[[ Record excerpts, beginning ]]
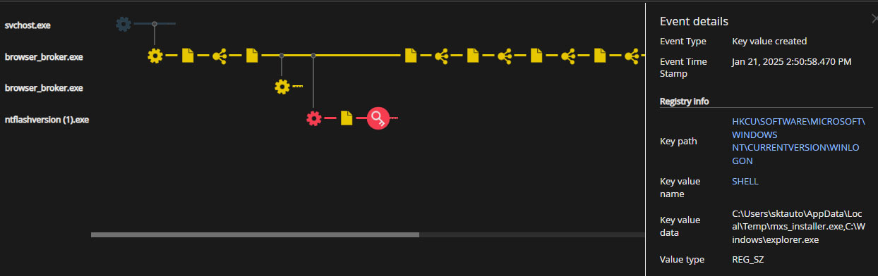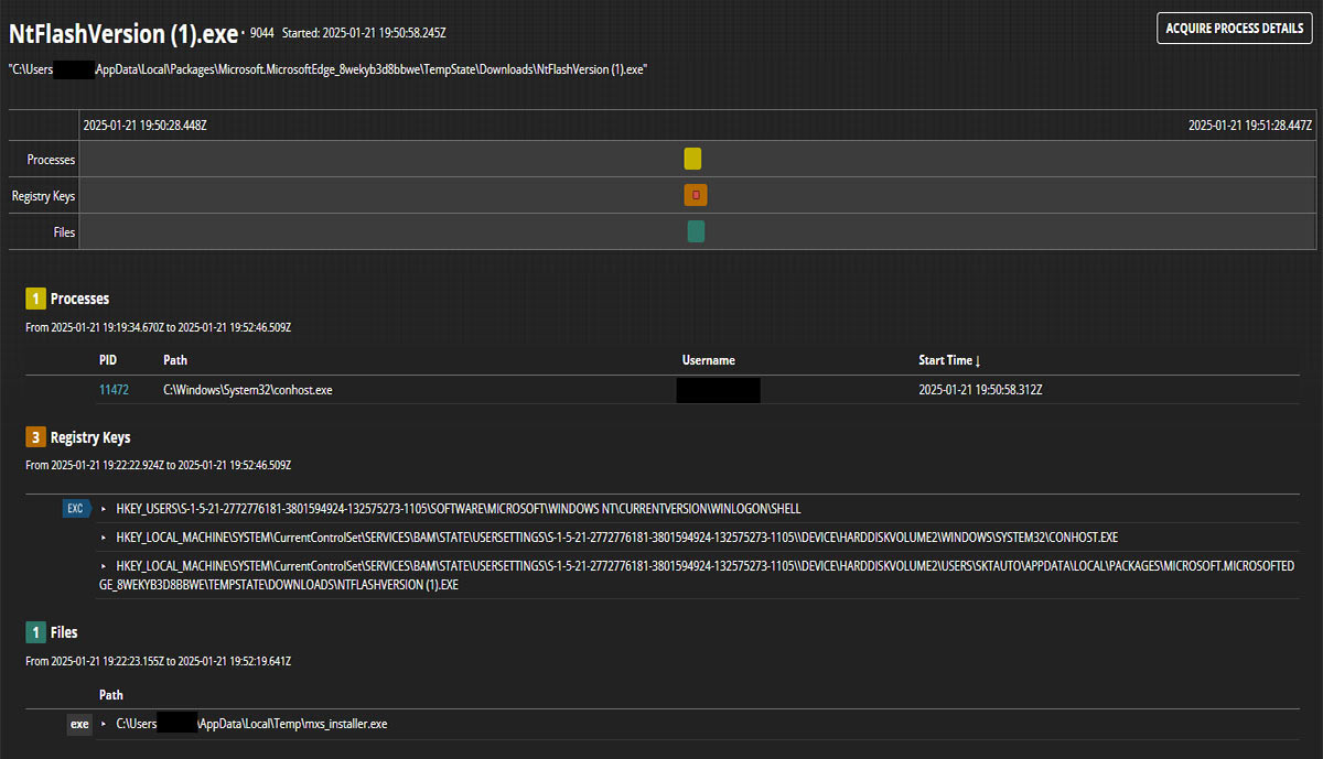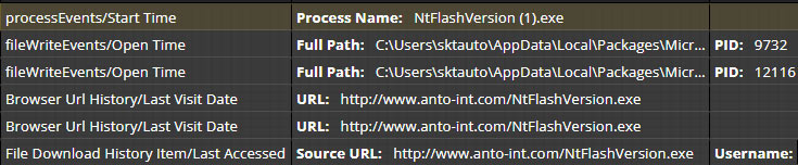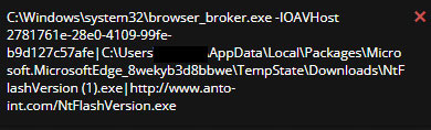 Looking at the alert we can see that the “browser_broker.exe” process spawned “NtFlashVersion (1).exe” which triggered the alert. A quick search on the internet shows that the “browser_broker.exe” process is part of the Edge browser and will spawn downloaded executables [2]. That said, we can assume that “NtFlashVersion (1).exe” was downloaded from Edge and then run by the user. The sibling process’s command line, another instance of “browser_broker.exe”, shows both the downloaded path and the source URL of the executable (Figure 6).
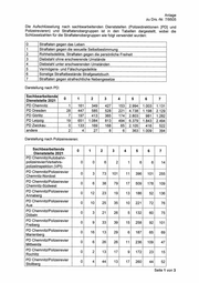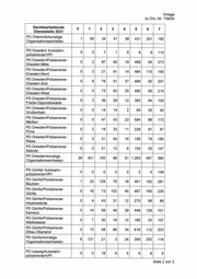 Anlage zu Drs.-Nr. 7/9505 Die Aufschlüsselung nach sachbearbeitenden Dienststellen (Polizeidirektionen [PD] und Polizeirevieren) und Straftatenobergruppen ist in den Tabellen dargestellt, wobei die Schlüsselzahlen für die Straftatenobergruppen wie folgt verwendet wurden: Straftaten gegen das Leben NI9|01|PN RIW| |—-|O Straftaten gegen die sexuelle Selbstbestimmung Rohheitsdelikte, Straftaten gegen die persönliche Freiheit Diebstahl ohne erschwerende Umstände Diebstahl unter erschwerenden Umständen Vermögens- und Fälschungsdelikte Sonstige Straftatbestände Strafgesetzbuch Straftaten gegen strafrechtliche Nebengesetze Darstellung nach PD: Sachbearbeitende Dienststelle 2021 | ° 1 2 ’ 4 6 z PD Chemnitz 161 349 427 153| 2.994| 1.003\ 1.131 PD Dresden 28 447 585 528 221| 4.738| 1.198| 2.129 PD Görlitz 7 197 413 365 174| 2.803 981| 1.282 PD Leipzig 19 651| 1.084 813 494| 6.379| 1.843| 2.494 PD Zwickau 0 133 169 168 65| 2.105 416 522 andere 2 4 27 8 6 363! 1.009 394 Darstellung nach Polizeirevieren: Sachbearbeitende 0 1 2 3 4 5 6 7 Dienststelle 2021 PD Chemnitz/Autobahn- polizeirevier/Verkehrs- 0 0 6 2 1 6 6 14 polizeiinspektion (VPI) PD Chemnitz/Polizeirevier 0 73} 101 1 9 101} 2 Chemnitz-Nordost 4 " ; sala i PD Chemnitz/Polizeirevier 0 8 7 17 9| 17 09 Chemnitz-Südwest n ‘ = = a1 PD Chemnitz/Polizeirevier 0 12 33 19 13 186 52 136 Annaberg PD Chemnitz/Polizeirevier 0 10 25 35 10 221 72 76 Aue PD Chemnitz/Polizeirevier 0 3 21 26 5 132 60 75 Döbeln PD Chemnitz/Polizeirevier 0 9 33 39 15 258 92 101 Freiberg PD Chemnitz/Polizeirevier 0 16 13 29 6 187 65 69 Marienberg PD Chemnitz/Polizeirevier 0 6 26 26 11 236 109 47 Mittweida PD Chemnitz/Polizeirevier 0 2 13 47 9 172 23 15 Rochlitz PD Chemnitz/Polizeirevier 0 4 AA 13 17| 260 44 52 Stollberg Seite 1 von 3
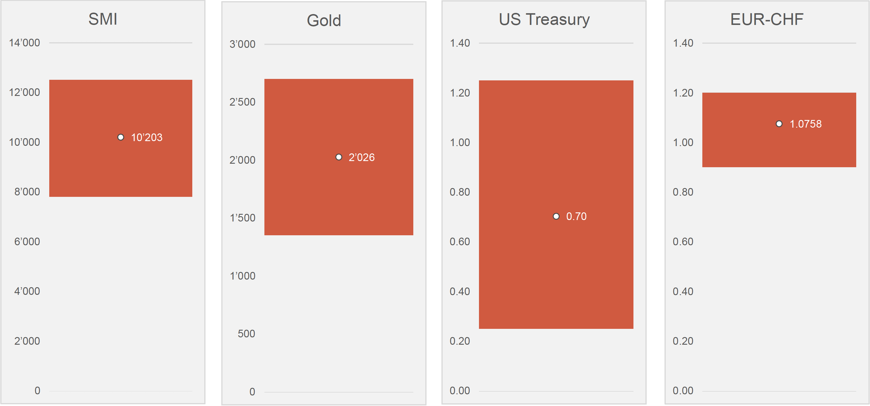Bis Jahresende erwarten die befragten Vermögensverwalter (vgl. Grafik oben) einen SMI auf 10'203, einen Goldpreis von 2'026 Dollar pro Unze, 10-jährige US-Staatsanleihen mit einer Rendite von 0,70 Prozent sowie einen Euro-/Franken-Kurs auf 1.076.
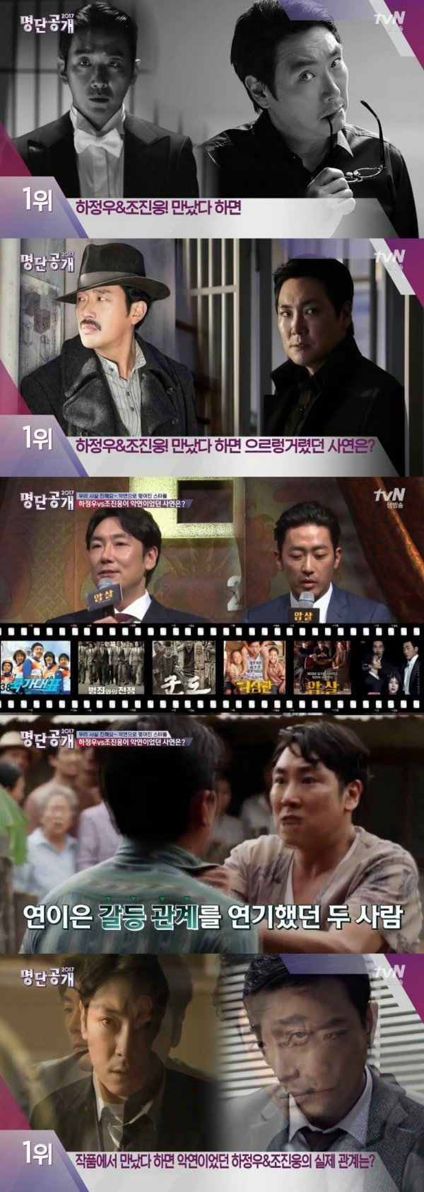 17일 오후 방송된 tvN 프로그램 ‘명단공개’에서는 악연으로 맺어진 스타들이라는 주제로 하정우와 조진웅의 특별한 우정에 대한 이야기가 그려졌다.
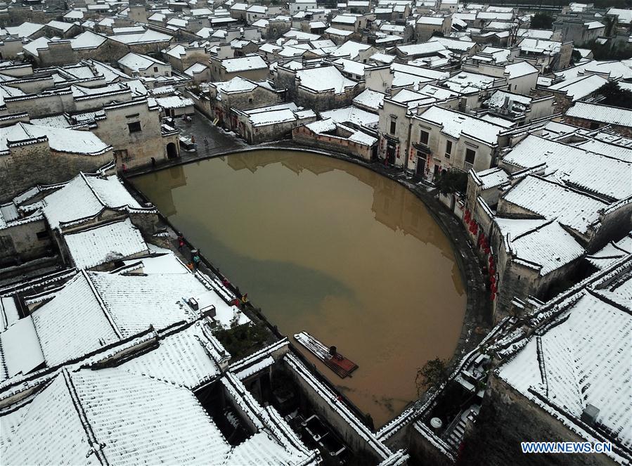 Photo prise le 9 décembre 2018 montrant des paysages de neiges du village de Hongcundu district de Yixian, dans la province de l'Anhui(est de la Chine). La vague de froid a entraîné ces derniers jours des chutes de neige.(Xinhua/Shi Yalei)
[[ Record excerpts, end ]]
→ **Task details**
Leaving the pictures out, copy exactly the lines from the line that contains "17일 오후 방송된 tvN" to the last line of the data, both ends included.

→ **Expected answer**
 17일 오후 방송된 tvN 프로그램 ‘명단공개’에서는 악연으로 맺어진 스타들이라는 주제로 하정우와 조진웅의 특별한 우정에 대한 이야기가 그려졌다.
 Photo prise le 9 décembre 2018 montrant des paysages de neiges du village de Hongcundu district de Yixian, dans la province de l'Anhui(est de la Chine). La vague de froid a entraîné ces derniers jours des chutes de neige.(Xinhua/Shi Yalei)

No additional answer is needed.